[Your instructions] Set down the data again word for word. Skip any pictures.

[Exercise data]

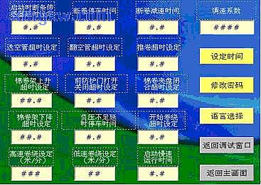 根据画面显示信息量采用十八个画面,各画面之间通过触摸键进行切换,同时触摸屏上各类组件的内存单元和与PLC中数据存储区的的单元相关联,构成系统整体监控。根据设备工艺要求设计了参数设定、系统调试、故障信息查询参数设定等画面。
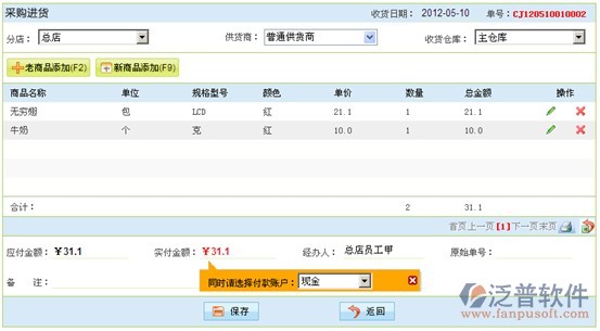 1.1、采購進貨/退貨:下圖是采購進貨操作界面
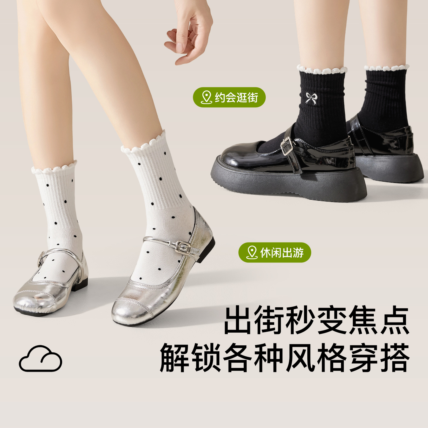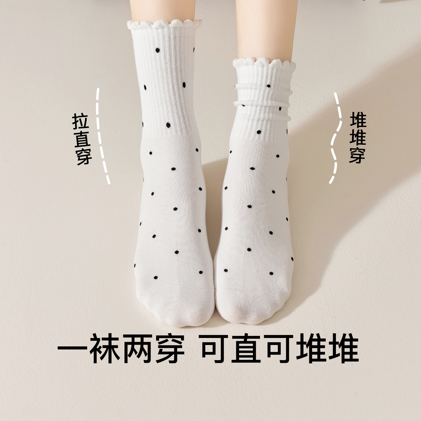 花边袜子女春秋纯棉纱线中筒袜波点蝴蝶结刺绣堆堆袜抗菌防臭棉袜
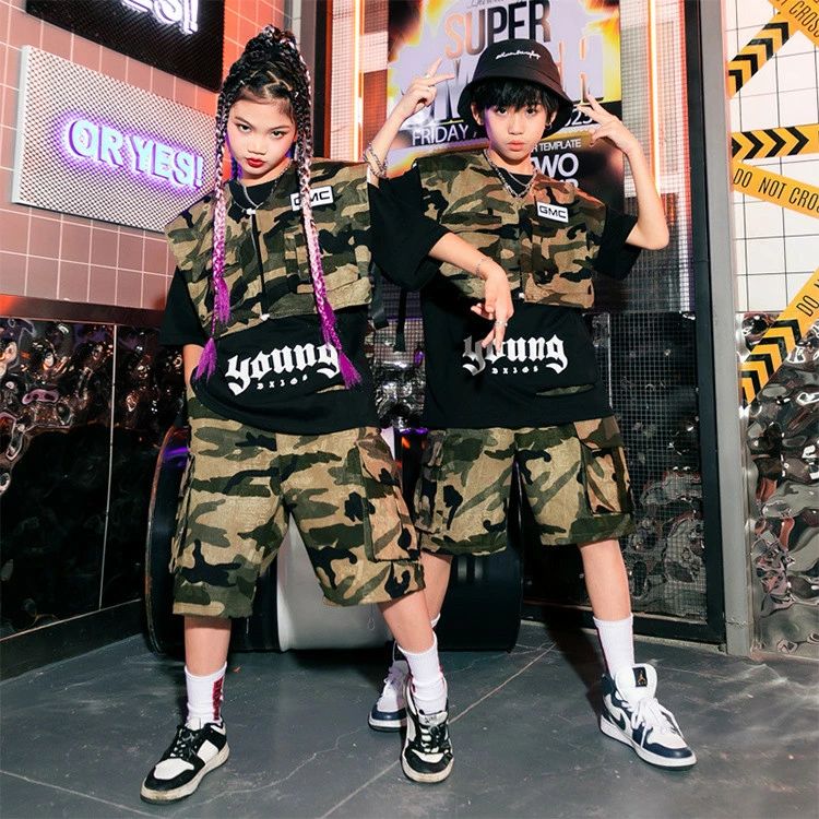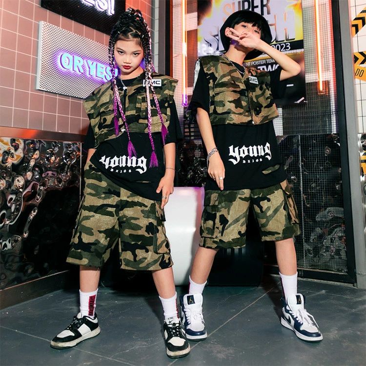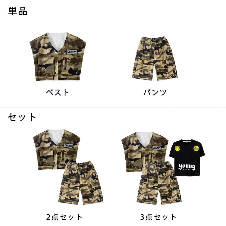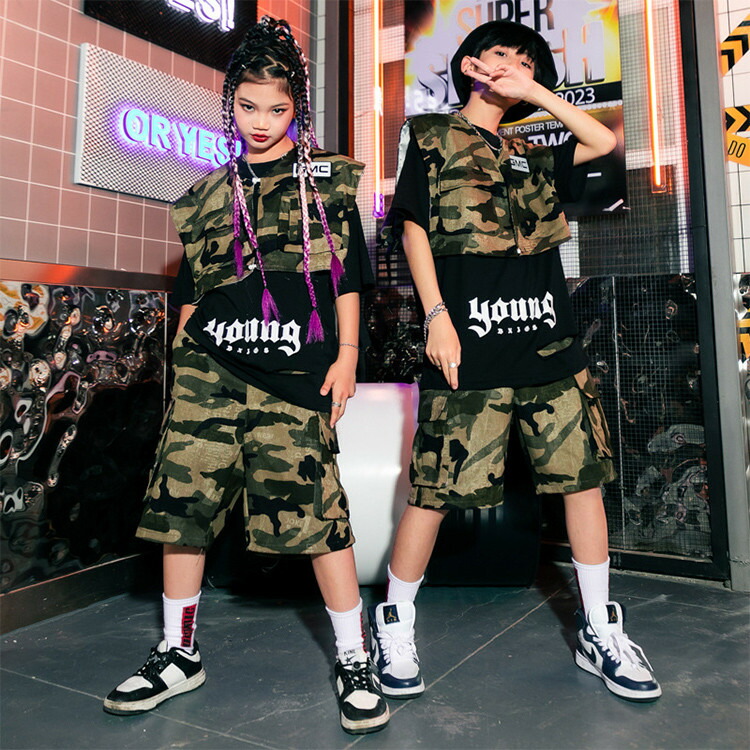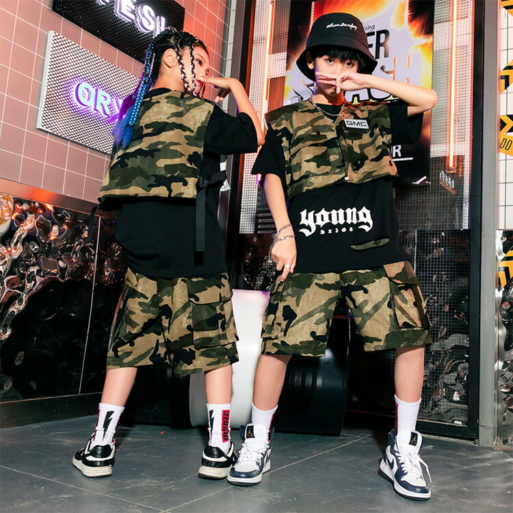 迷彩 ベスト 半袖 夏 キッズ ダンス

[Answer to this problem]
 根据画面显示信息量采用十八个画面,各画面之间通过触摸键进行切换,同时触摸屏上各类组件的内存单元和与PLC中数据存储区的的单元相关联,构成系统整体监控。根据设备工艺要求设计了参数设定、系统调试、故障信息查询参数设定等画面。
 1.1、采購進貨/退貨:下圖是采購進貨操作界面
 花边袜子女春秋纯棉纱线中筒袜波点蝴蝶结刺绣堆堆袜抗菌防臭棉袜
 迷彩 ベスト 半袖 夏 キッズ ダンス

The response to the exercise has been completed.